Previous: Call stacks and symbol tables, Up: Operating system support


6.3 Threads

On systems with virtual memory, such as UNIX and Windows, user programs are run as processes which have their own address space and resources. If a process needs to create sub-processes to perform other tasks it must call fork() or spawn() to create new processes, but these new processes do not share the same address space or resources as the parent process. If processes need to share memory they must either use a message passing interface or explicitly mark a range of memory as shareable.

Traditionally, this was not too much of a handicap as parallel processing was an expensive luxury and could only be made use of by the kernel of such systems. However, with the birth of fast processors and parallel programming, programs could be made to run more efficiently and faster on multi-processor systems by having more than one thread of control. This was achieved by allowing processes to have more than one program counter through which the processor could execute instructions, and if one thread of control stalled for a particular reason then another could continue without stalling the entire process.

Such multithreaded programs allow parallel programming and implicit shared memory between threads since all threads in a process share the same address space and resources. This is similar to operating systems that have no virtual memory, such as AmigaOS and Netware1, except that once a process terminates, all threads terminate as well and all of its resources are still reclaimed.

Multithreaded programming generally needs no compiler support, but does require some primitive operations to be supported by the operating system for a threads library to call. The functions that are available in the threads library provide the means for a process to create and destroy threads. There are currently several popular threads libraries available, although the POSIX threads standard remains the definitive implementation.

It is always important to remember when programming a multithreaded application that because all threads in a process share the same address space, measures must be taken to prevent threads reading and writing global data in a haphazard fashion. This can either be done by locking with semaphores and mutexes, or can be performed by using stack variables instead of global variables since every thread has its own local stack. Care must be taken to write re-entrant functions — i.e. a function will give exactly the same result with one thread as it will with multiple threads running it at the same time.

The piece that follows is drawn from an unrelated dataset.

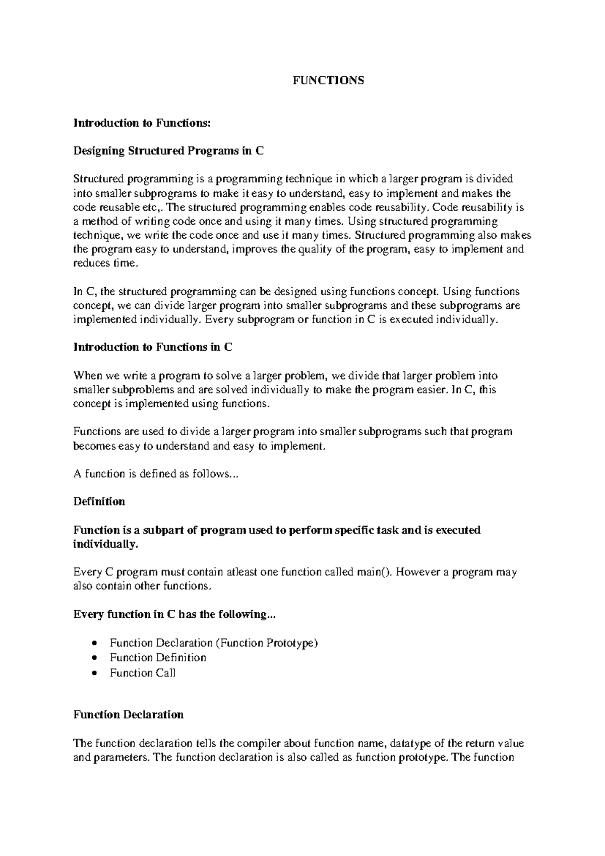 C Programming Functions - Unit 4 Notes on Structured & Modular ...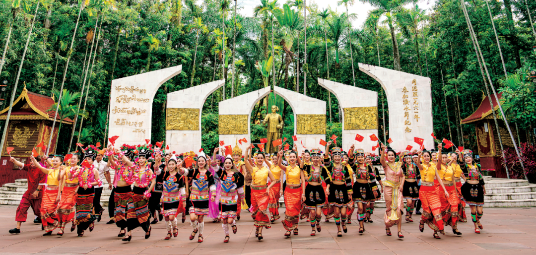 “周總理身穿對(duì)襟白褂、咖啡色長(zhǎng)褲,頭上包著一條水紅色頭巾,笑容滿(mǎn)面地來(lái)到人群中。他接過(guò)一只象腳鼓,敲著歡樂(lè)的鼓點(diǎn),踩著鳳凰花鋪成的‘地毯’,同傣族人民一起跳舞。”這是小學(xué)語(yǔ)文二年級(jí)上冊(cè)第17課的課文《難忘的潑水節(jié)》中的文字,也是擁有1300多年歷史的西雙版納最古老公園——景洪市曼聽(tīng)公園入園第一景:周恩來(lái)總理與西雙版納各族人民歡度潑水節(jié)紀(jì)念銅像描繪的瞬間(備注...

The mpatrol library can be built as a thread-safe library with support for multi-threaded programs. When this library is linked with your program, only one thread at a time can allocate, reallocate or deallocate dynamic memory, or perform a memory operation via memcpy(), memset(), etc. This does not take full advantage of the potential concurrency in the library, but at least it will allow the debugging of multi-threaded programs.

The process of making the mpatrol library thread-safe was made more complicated by the fact that the mutexes protecting the library's data structures had to be recursive, since some of the functions that the library will call may call malloc() and free() or any other functions redefined by the library. If this was to happen with non-recursive mutexes then the recursive call would result in the thread attempting to lock a mutex that it already owned. However, implementing recursive mutexes was only half the problem.

The other problem with writing a thread-safe malloc library is that it must be initialised before the program becomes multi-threaded. If the library is initialised when there are multiple threads running then one thread may be attempting to initialise the mutexes whilst another thread may be attempting to lock an uninitialised mutex. Ideally, the best place to initialise the library would be at the start of main() but there is currently no way to do this other than getting users to explicitly plant calls to initialise the library in their code. This is not a very satisfactory solution if all we want to do is link in the replacement malloc library without any need for recompilation.

Fortunately, there are some ways to plant initialisation calls before main() is called, but they all have some drawbacks. The first way is to use a static file-scope constructor in C++, which will then initialise the mutexes and the library data structures before the code in main() is executed. However, on many systems this will require the final link to be performed by the C++ compiler that built the library. That may not be desirable or even possible in many cases. Unfortunately, this drawback appears in the second method, which involves using the GNU C compiler to compile the library. This compiler has an extension which allows functions to be specified as constructors which will be called before main(), but means that any program which is linked with the resulting library must be linked with the GNU C compiler driver. However, many systems are now GNU-based which would mean that this would happen anyway.

The final way of initialising the mutexes and the library data structures is to plant a call to the initialisation routines from a special section which the system will call before main() is called. This section is called the `.init' section on ELF-based platforms, but may exist in another form on other platforms too. This has the advantage that the system linker can be used to link the final program, but a possible disadvantage is that the library may be initialised too early, possibly before the environment or file streams have been set up. You may find that if one of the above methods does not work for you then perhaps another one will.


Footnotes

[1] Where the kernel is effectively a single process running all user programs as threads.